-------- PROVIDED ENTRIES --------

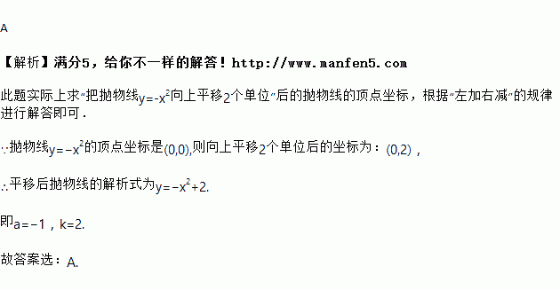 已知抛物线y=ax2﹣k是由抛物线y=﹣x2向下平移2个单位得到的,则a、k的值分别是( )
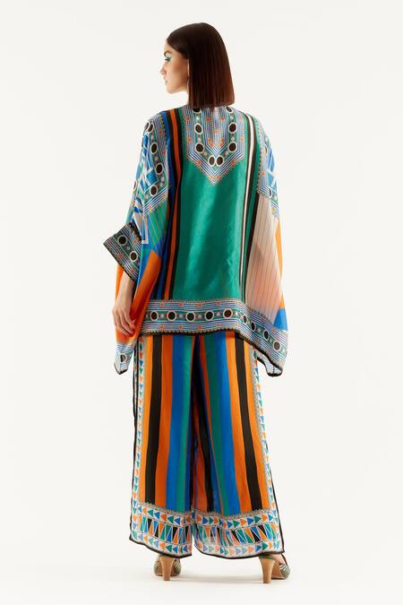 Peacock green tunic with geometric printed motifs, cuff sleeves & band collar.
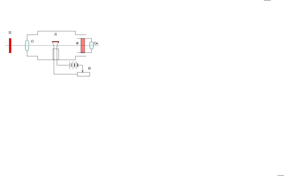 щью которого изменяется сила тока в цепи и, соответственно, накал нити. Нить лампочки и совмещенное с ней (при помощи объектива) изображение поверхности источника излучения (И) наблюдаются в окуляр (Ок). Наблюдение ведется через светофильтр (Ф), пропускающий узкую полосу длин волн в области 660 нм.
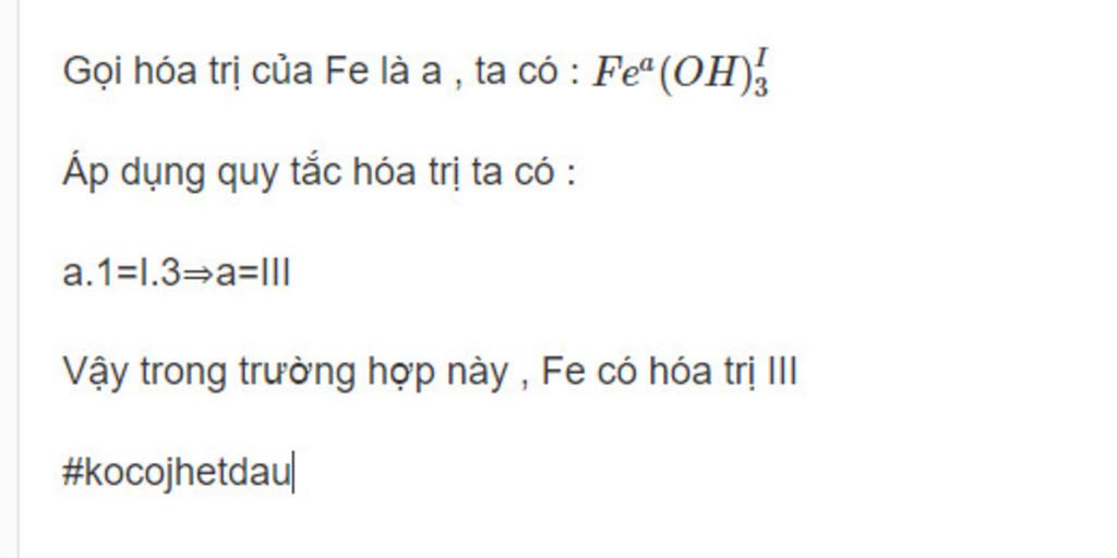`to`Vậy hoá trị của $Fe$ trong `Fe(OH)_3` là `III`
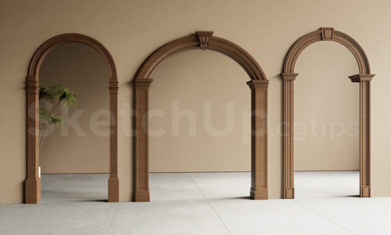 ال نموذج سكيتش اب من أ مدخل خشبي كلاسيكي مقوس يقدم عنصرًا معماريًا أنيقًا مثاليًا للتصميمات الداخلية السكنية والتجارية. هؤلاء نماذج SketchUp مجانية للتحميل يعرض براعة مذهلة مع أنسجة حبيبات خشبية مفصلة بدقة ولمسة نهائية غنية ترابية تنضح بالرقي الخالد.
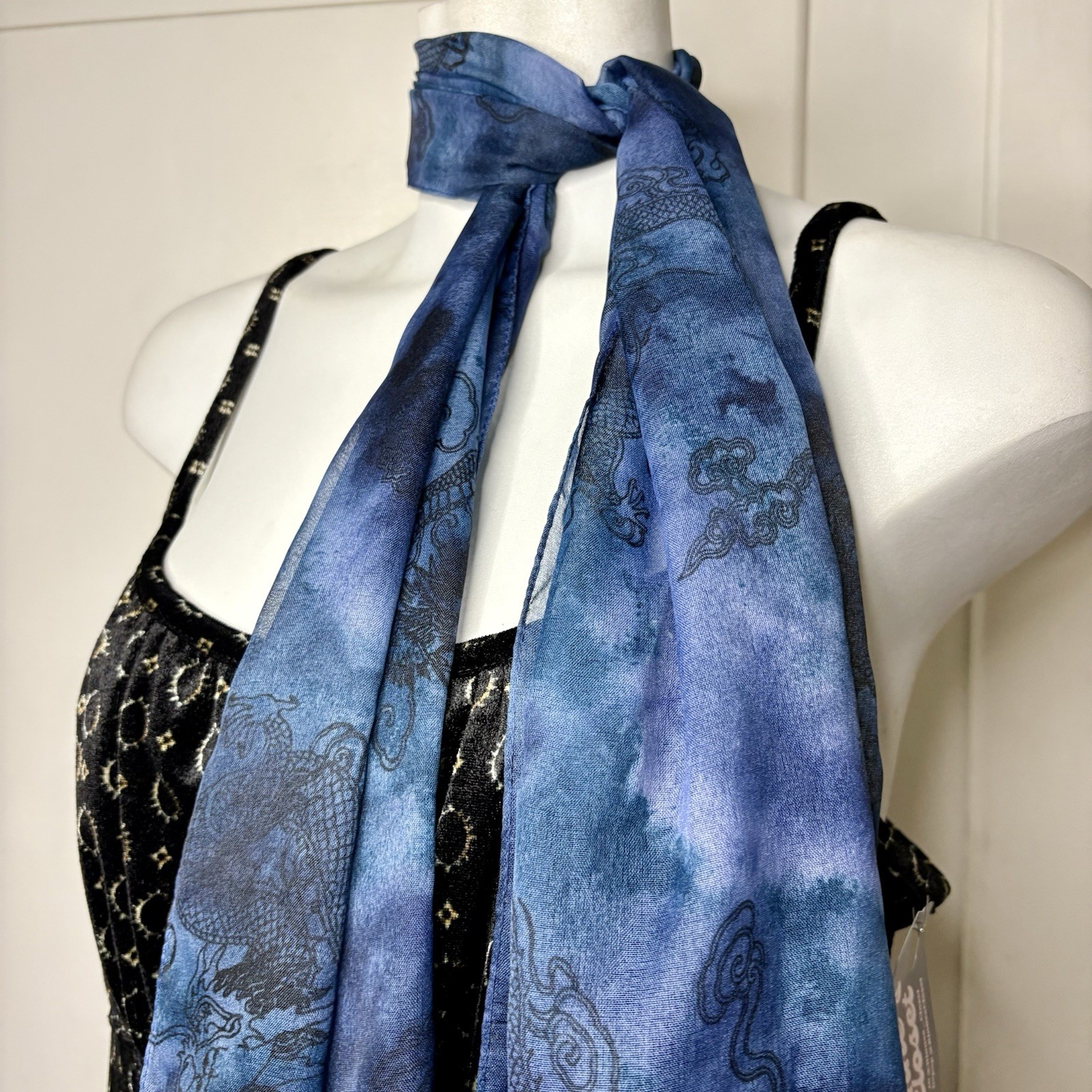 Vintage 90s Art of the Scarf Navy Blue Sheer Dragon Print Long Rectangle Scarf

--------

:: WHAT YOU NEED TO DO ::
Could you transcribe exactly the entries above, but only the lines from the one with "щью которого изменяется" through the one with "hoá trị của", and without pictures?

:: EXERCISE RESULT ::
 щью которого изменяется сила тока в цепи и, соответственно, накал нити. Нить лампочки и совмещенное с ней (при помощи объектива) изображение поверхности источника излучения (И) наблюдаются в окуляр (Ок). Наблюдение ведется через светофильтр (Ф), пропускающий узкую полосу длин волн в области 660 нм.
`to`Vậy hoá trị của $Fe$ trong `Fe(OH)_3` là `III`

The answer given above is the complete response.